Aufstand der Mega-Stars
Dem Plattenmulti EMI droht ein beispielloser künstlerischer Aderlass.
Er hatte sich das so schön gedacht: Guy Hands, umtriebiger Chef der Beteiligungsgesellschaft Terra Firma Capital Partners, übernahm im August 2007 den in Seenot geratenen Musikdampfer EMI für rund vier Milliarden Euro, die Heimat legendärer Labels wie Capitol, Parlophone, Mute und Blue Note. Die britische Majorcompany, in besseren Zeiten die größte Plattenfirma der Welt, hatte seit einiger Zeit tiefrote Zahlen geschrieben und durch spektakuläre Flops von sich reden gemacht. Angeblich musste EMI zuletzt rund 25 Millionen Pfund im Jahr für das Einstampfen nicht verkaufter CDs ausgeben. Im November verkündete Hands, er werde eine „fundamentale Wende in der Geschäftspolitik des defizitären Konzerns einleiten und dabei neben zahlreichen Topmanagern auch“faule Stars“ unter den 14.000 Vertragskünstlern feuern. Mitte Januar präzisierte der smarte Sanierer, wie diese fundamentale Wende aussehen soll: Von den weltweit in der Konzernsparte Recorded Music beschäftigten 5.500 Mitarbeitern sollen 2.000 abgebaut und die Marketingbudgets für Albumveröffentlichungen rigoros zusammengestrichen werden.

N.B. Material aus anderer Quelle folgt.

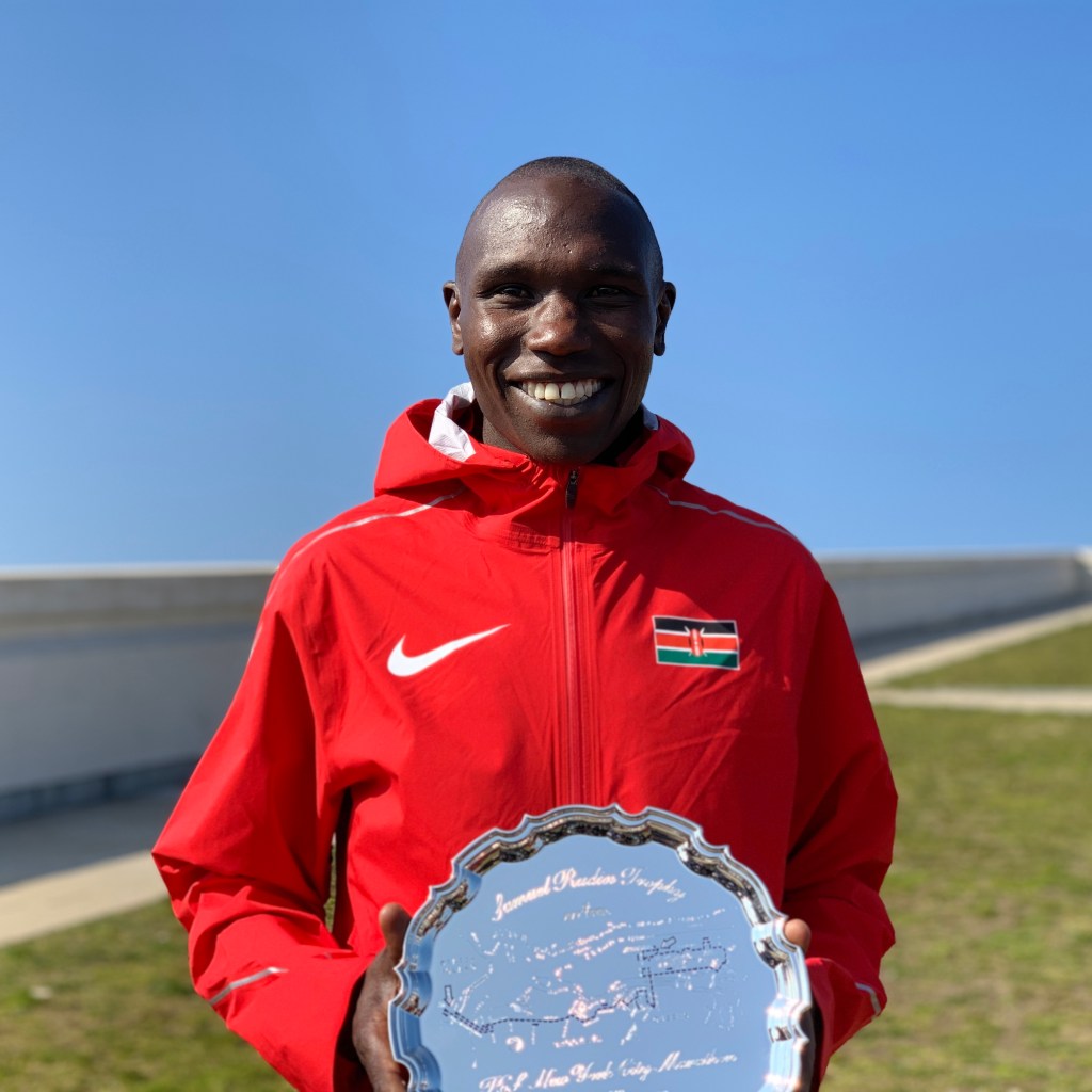 Geoffrey Kamworor (KEN) World XC Champ with NYC Marathon award. (Photo by Karen Mitchell).

Doch es sieht aus, als hätte Hands seine Rechnung ohne die Wirte gemacht-ausgerechnet die umsatzträchtigen Megastars, die mit ihren Albumverkäufen auch die Veröffentlichungen unbekannterer Künstler und vor allem den teuren und langwierigen Aufbau neuer Acts mitfinanzieren,gehen der Reihe nach gegen diese Pläne auf die Barrikaden: Die ersten, die EMI verließen, waren PauIMcCartney (er ließ sein aktuelles Album von der Kaffeehauskette Starbucks in die US-Läden bringen) und Radiohead ,die ihren Vertrag nicht verlängerten und stattdessen die „physische Version“ ihres zuvor nur als Download erhältlichen Albums in rainbows beim britischen Indielabel XL veröffentlichten -weil Hands das Musikgeschäft nicht verstehe, wie ihr Management mitteilte. Inzwischen drohten Acts wie Robbie Williams, Coldplay und The Verve ihre für 2008 geplanten Albenveröffentlichungen und sogar Tourneen zu verschieben.
Zum Debakel geriet Hands offenbar ein Treffen mit Mick Jagger: Dem als smarterGeschäftsmann bekannten Stones-Boss(einst Student an der London School Of Economics) gefielen dem Vernehmen nach weder die Strategien von Guy Hands noch der Investmentbanker selbst. Das Ergebnis: die Rolling Stones, deren Fünfjahresvertrag bei derEMI im Mai ausläuft,veröffentlichen ihr Soundtrack-Album zur Konzertdoku „Shine A Light“ am 28. März beim Konkurrenten Universal und „prüfen für die Zukunft alle Optionen“, wie es aus Insiderkreisen hieß. Zum Zeitpunkt der Drucklegung dieses Heftes befand sich die Band angeblich auch in Verhandlungen mit Warner Music. Ein Abgang der Stones wäre für EMI auch wegen des lukrativen Backkatalogs (alle Alben seit dem 1971er sticky fingers waren bisher im EMI-Paket) schmerzhaft, vor allem aber hätte er Signalwirkung auf andere Künstler. Schon hat auch Herbert Grönemeyer, der finanziell wichtigste Künstler für EMI in Deutschland,seinem Unmut über das Vorgehen von Terra Firma Luft gemacht. In einem Interview mit dem Bayerischen Rundfunk kritisierte das „ganz alte EMI-Schlachtross“ (Grönemeyer über Gröneymer):“Die haben gedacht, die gehen da als Großinvestoren rein, rationalisieren das Ganze durch und verkaufen es dann kurzfristig gewinnbringend wieder. Aber eine Plattenfirma ist halt keine Seifenfabrik…“ Vor allem ist sie abhängig von ihren Topkünstlern -und die wollen vor allem eines: volle werbliche Unterstützung. Mit geschrumpften Marketingabteilungen und -budgets geht das nicht gut zusammen. „Was Guy Hands nicht bedacht hat, ist, dass die etablierten Künstler heutzutage zum Teil selbst Firmen sind, die ganz genau wissen, wie das Geschäft läuft-und vor allem auch besser wissen als er, wie das Geschäft läuft…“, ätzt Grönemeyer. So oder so: die Seifenoper, die die Traditionsfirma derzeit bietet, ist spannender als die meisten ihrer aktuellen Produkte.